Ainda que atualmente não exista qualquer grupo de cante alentejano inscrito na Federação do Folclore Português, as parcerias e intercâmbios entre estas duas tipologias de organização existe e dá continuidade a velhas práticas assumidas, quer por alguns grupos de cante, que convidam regularmente, para os seus eventos, grupos de folclore, quer por grupos de folclore que, insistentemente, procuram grupos de cante para os seus festivais de folclore. Contudo, estas parcerias entre grupos de cante e grupos de folclore são cada vez mais difíceis de acontecer ainda que, regra geral, haja interesse de ambas as partes na sua concretização. Um grupo de folclore ao convidar um grupo de cante pretende valorizar o seu festival, com uma mostra diversificada de culturas regionais, porém, para um grupo de cante que aceite ir ao Porto ou a outra região do Norte onde estão concentrados a maior parte dos grupos de folclore é uma despesa imensa que rebentaria por completo com o parco plafond de quilómetros que o município atribui anualmente a cada grupo (se é que oferece). Ainda que todos enchamos o peito de que é preciso divulgar o cante, é impossível fazê-lo, desta forma, atribuindo aos grupos apenas 1000 ou 2000 quilómetros anuais. Já para não falar de outros constrangimentos. Por outro lado, para um grupo de cante receber um grupo de folclore nos seus eventos acarreta uma despesa na alimentação imensa, pois os grupos de folclore em média são compostos por 40/50 pessoas (o equivalente a dois ou três grupos de cante). Posto isto, e perante as dificuldades, uns e outros vão tentando contornar as dificuldades e há grupos de cante que insistentemente, desde tempos antigos e ainda hoje, procuram estabelecer parcerias que permitam esses intercâmbios culturais.

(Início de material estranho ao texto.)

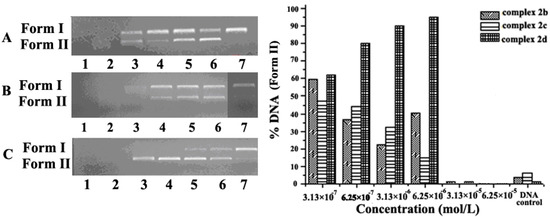 Histograms and electropherograms (the right side figure) representing cleavage of pUC19 plasmid DNA (0.008 µg/µL) by different concentrations of 2b (pH = 7.4), 2c (pH = 7.4) and 2d (pH = 7.4) in buffer (5 mM Tris-HCl/10 mM NaCl) at 37°C for 6 h. (A) Complex 2b; Lanes 1–6: 6.25 × 10−5, 3.13 × 10−5, 6.25 × 10−6, 3.13 × 10−6, 6.25 × 10−7, 3.13 × 10−7 mol/L, Lane 7 = DNA control, respectively; (B) Complex 2c; Lanes 1–6: 6.25 × 10−5, 3.13 × 10−5, 6.25 × 10−6, 3.13 × 10−6, 6.25 × 10−7, 3.13 × 10−7 mol/L, Lane 7 = DNA control, respectively; (C) Complex 2d; Lanes 1–6: 6.25 × 10−5, 3.13 × 10−5, 6.25 × 10−6, 3.13 × 10−6, 6.25 × 10−7, 3.13 × 10−7 mol/L, Lane 7 = DNA control, respectively.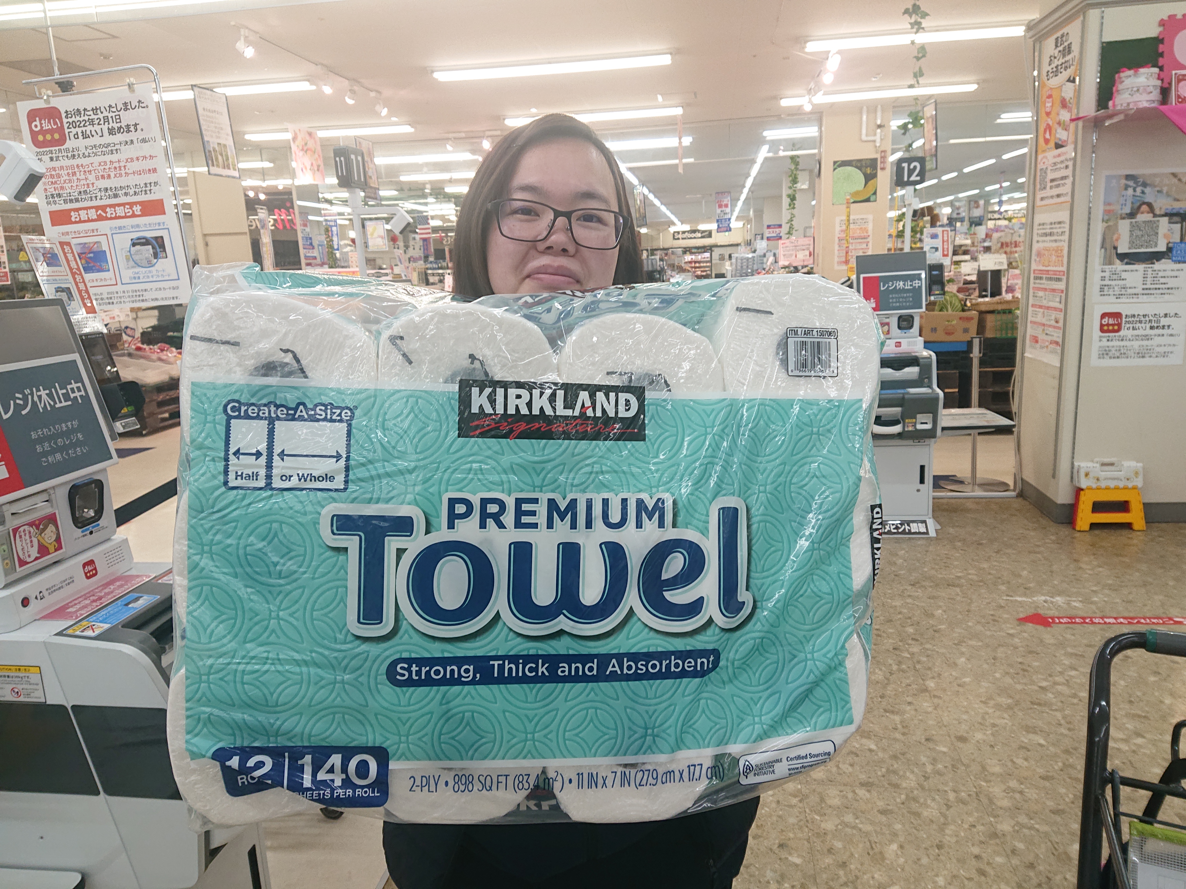 おはようございます。家庭消耗品担当小西です。本日のおすすめ商品は、カークランドシグネチャーキッチンタオルです。厚手なので色んなシーンに大活躍します。

Todas estas dificuldades, e outras que não cabe aqui desenvolver, estão relatadas em diversa comunicação e correspondência existente nos arquivos dos grupos de cante e onde se encontram também alguns programas de encontros de cante em que participam grupos de folclore e vice-versa. Até ao momento verifica-se que é nos grupos do concelho de Castro Verde, através do papel importantíssimo da Cortiçol, nos Arraianos de Ficalho, nos Ceifeiros de Cuba e n’Os Camponeses de Pias que se encontra muita correspondência trocada com grupos de folclore de forma regular e pertinente. Porém, sabe-se que existiram e existem outras experiências um pouco por todo o Alentejo.

Para este encontro de culturas em muito terá contribuído também o Festival Nacional de Folclore do Algarve, que durante largos anos foi transmitido na “RTP” e cuja última edição, no formato idealizado, aconteceu em 1996, cabendo ao Rancho Folclórico Fazendeiros de Montemor-o-Novo representar o Alto Alentejo e ao Grupo Coral Os Camponeses de Pias a representação do Baixo Alentejo.

Nos dias de hoje não faria sentido retomar esta boa prática?!